The most common term length for a mortgage is five years, and this is typically the first option quoted by banks and brokers alike.
But is the five-year term really what is best for you?
A few years ago, shorter-term mortgages carried lower rates than longer terms. When mortgage regulations changed in late 2016, the cost of funds for shorter terms increased for mortgage lenders, which resulted in them needing to price them higher. Ever since, five-year fixed terms represent the lowest cost of funds to mortgage lenders, which means they will often carry the lowest mortgage rates.
For example, today’s lowest 5 year fixed rate is 2.39%*, however, the lowest 3 year fixed rate in the same pricing category is 2.69%.* Pretty big difference! For this reason alone, it’s almost always 5 year fixed rates that are being quoted these days.
Should Variable Rate Mortgages Be Considered?

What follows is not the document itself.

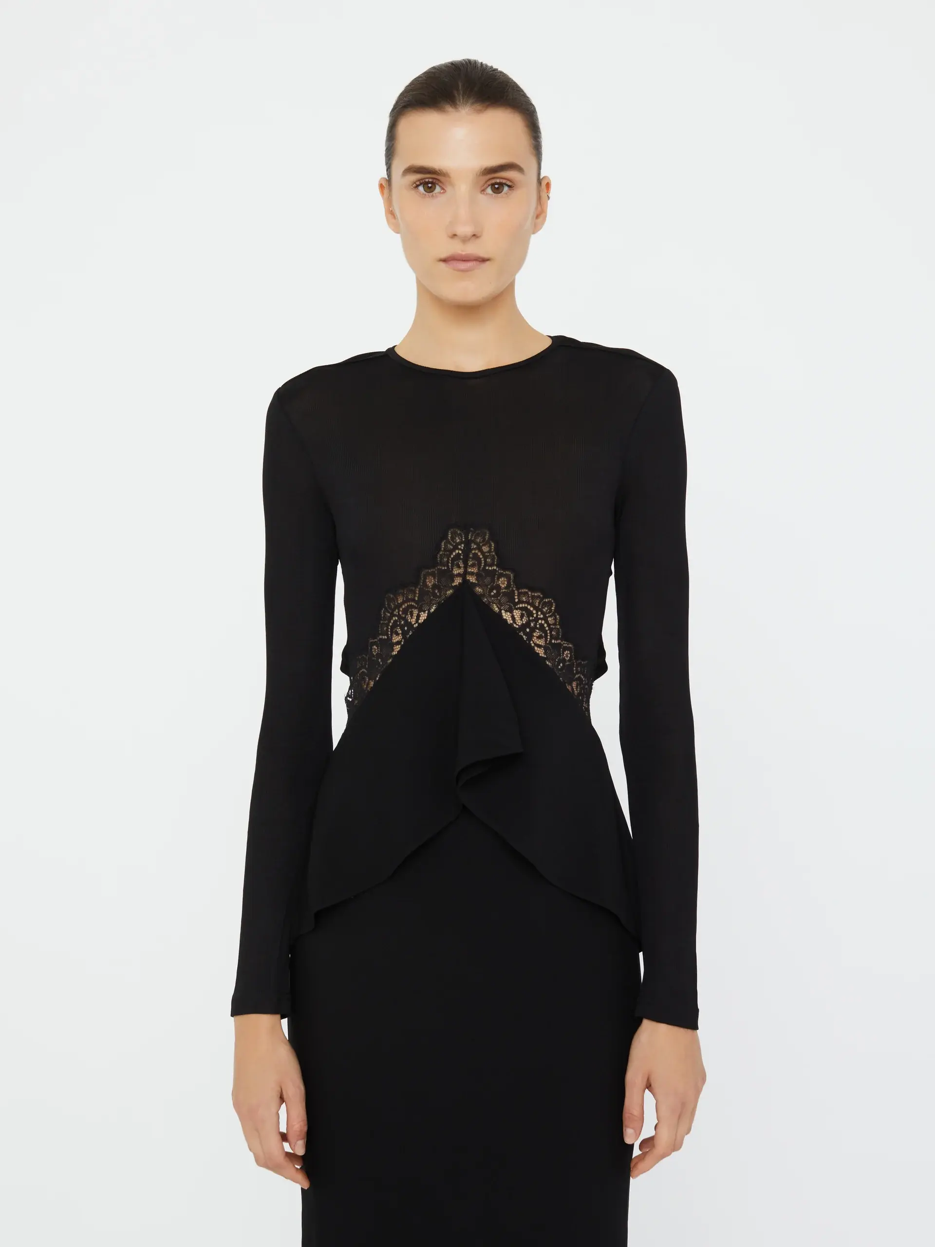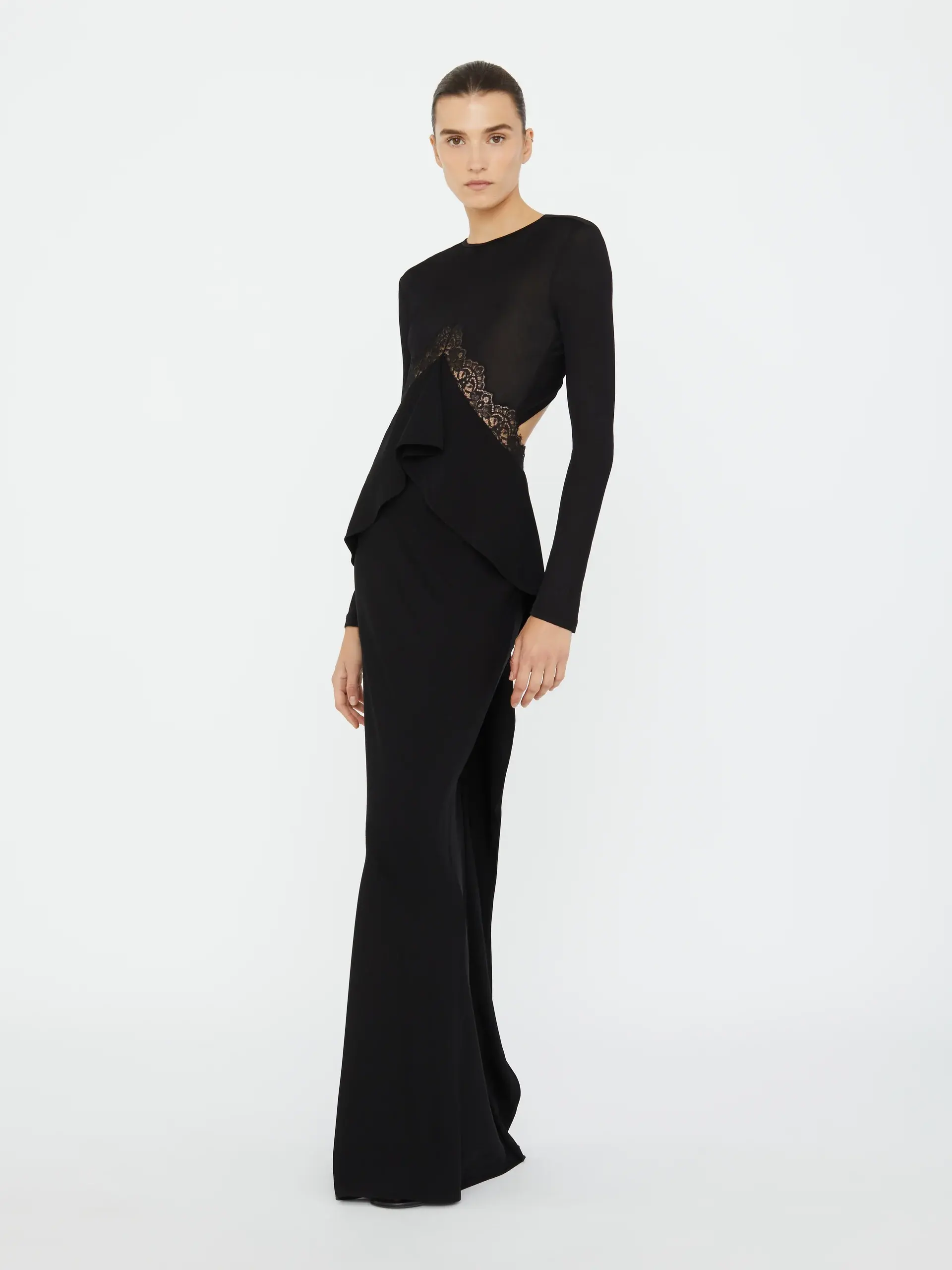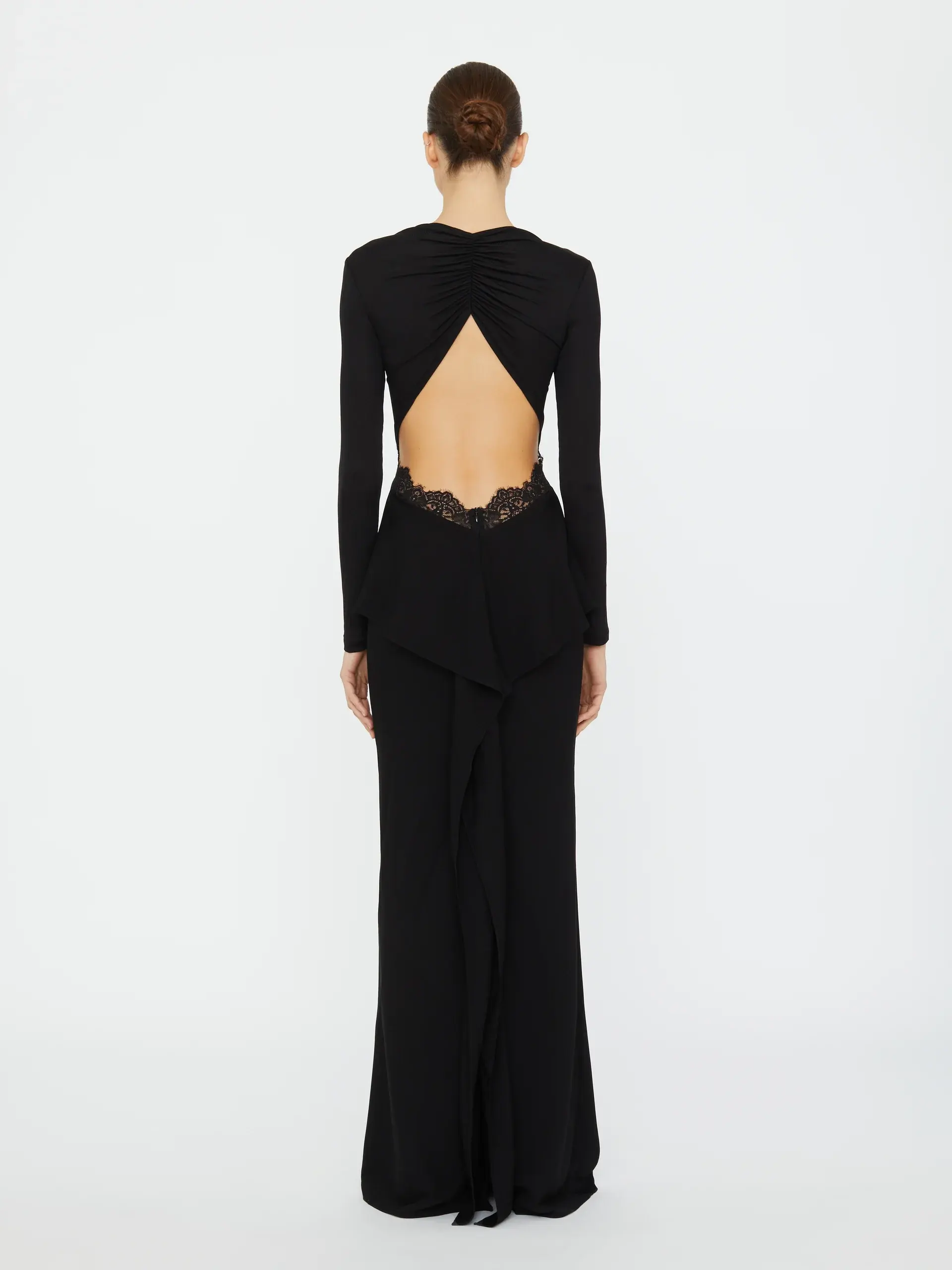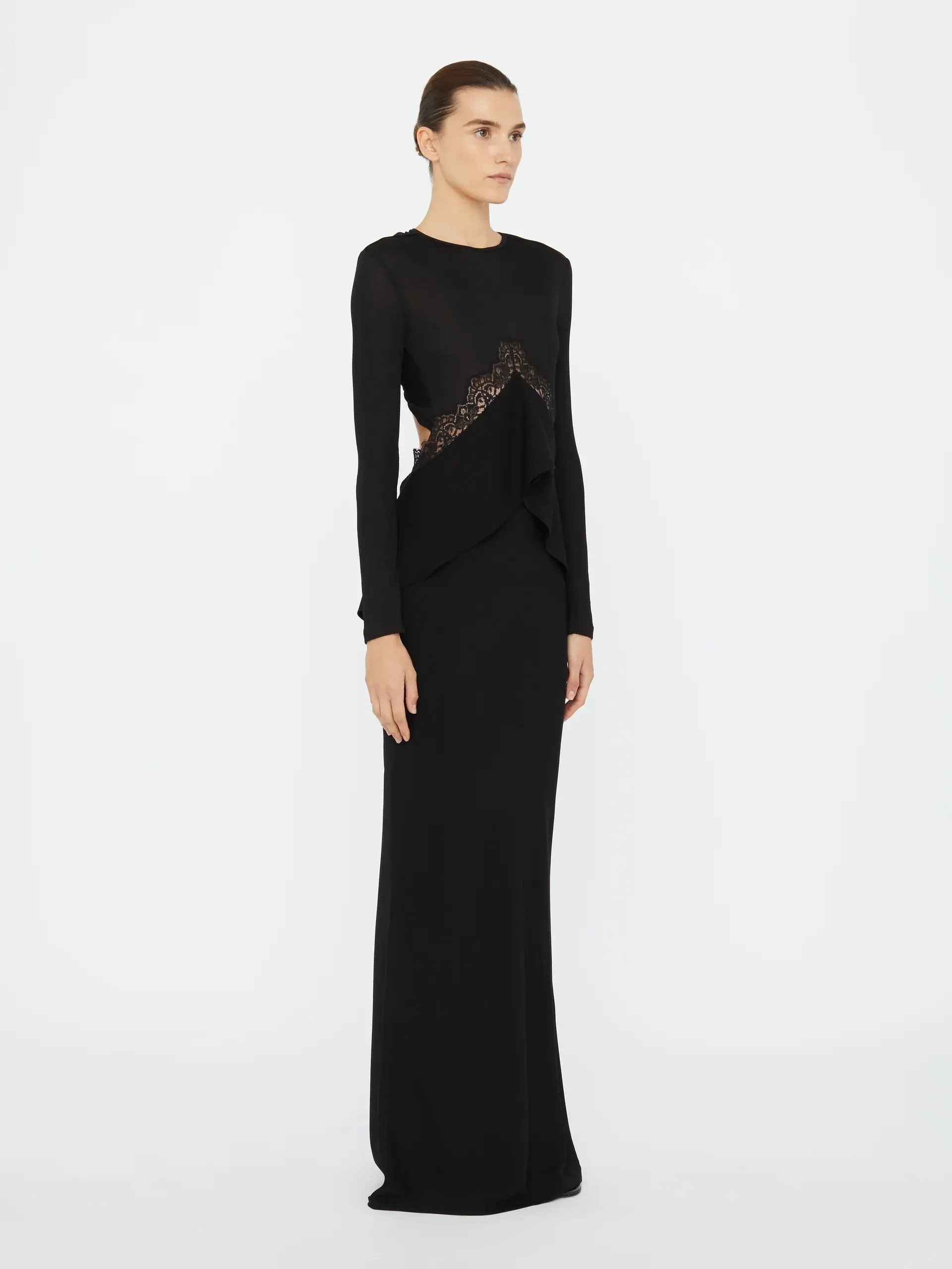 Pragmatic & feminine details combine to form this lace disconnect back column dress. Fine rib stretches with ease to the body, whilst sheer lace traces the torso. Tonal lace insert panels frame the bodice and trace a sculpted open back.

Variable rate mortgages are also priced higher than fixed, making them less attractive options for the vast majority of borrowers. The lowest 5 year variable rate is prime -1.25% (2.70%). While the discount off prime is one of the largest in history, prime rate still remains high, and the Bank of Canada has been committed to maintaining their overnight right (which is what determines prime rate). For the time being at least. It’s quite possible that prime rate will drop following the next BOC rate announcement on October 30th. We’ve been waiting for a drop since the spring of 2019 and they have disappointed us ever since. I’m sure it will come… but then the question is ‘when’. If they had their way, they’d be increasing rates… but that would result in economic disaster, so that won’t be happening anytime soon.
Should Shorter Term Mortgages Be Avoided?
There are two reasons where one might be more interested in a shorter-term mortgage:
- You will only need the mortgage for a couple of years.
If you have plans to sell your home in a couple of years, then you may want to choose a shorter-term mortgage. In order for this to make sense, the shorter-term rate would have to be fairly close to the 5 year alternative. In the example above, the 5 year fixed rate is 0.30% lower than the 3 year term. In that case, it will still likely make more sense to choose the longer term, even if it means paying a penalty down the road. The penalty would need to be compared with the savings you would see from the lower rate in order to estimate the lower-cost option. This is a case by case basis which would need to be discussed in detail with your broker.
There are almost always options to port your mortgage over to the new property, which would save you from having to pay a penalty, however. There are many variables involved in making this decision, so make sure let your mortgage advisor know your plans, so they can do the math and present you with your options.
You think rates are going to drop
If you believe that rates are falling and will be lower in a couple of years, then you may want to consider a shorter-term mortgage. There are many out there with this mentality, but this is nothing more than a guessing game. It’s impossible to know for sure and you may as well just flip a coin.
Last fall, economists were predicting that 5 year fixed rates would reach 5-6% in 2021, which led many to seek terms greater than five years. Anyone who closed their mortgage in 2018 or early 2019 would have been given 5 year fixed rates in around the mid-3% range.
In February of 2019, everything shifted and fixed rates started plummeting down to the mid-2% range. A full one percent drop in just six months. It’s amazing how quickly predictions can change, so it’s important to realize that all anyone can do is speculate.
If you think rates are going to drop in a couple of years, you may as well just roll the dice and make a decision based on that. Anything can happen.
Fixed Mortgage Rates Rising
There is currently upward pressure on fixed mortgage rates, as I’ve been saying for the past couple of weeks now. At least four mortgage lenders have increased rates so far, with two increasing as recently as today. There are many however who are still holding off with increasing their rates, but if bond yields continue to rise any further, then they will have no choice.
If you have a mortgage that is coming up for renewal within the next 90 days, or if you have a purchase closing within 120 days, it’s best to get an application in ASAP in order to get your rate locked in ahead of any further increases.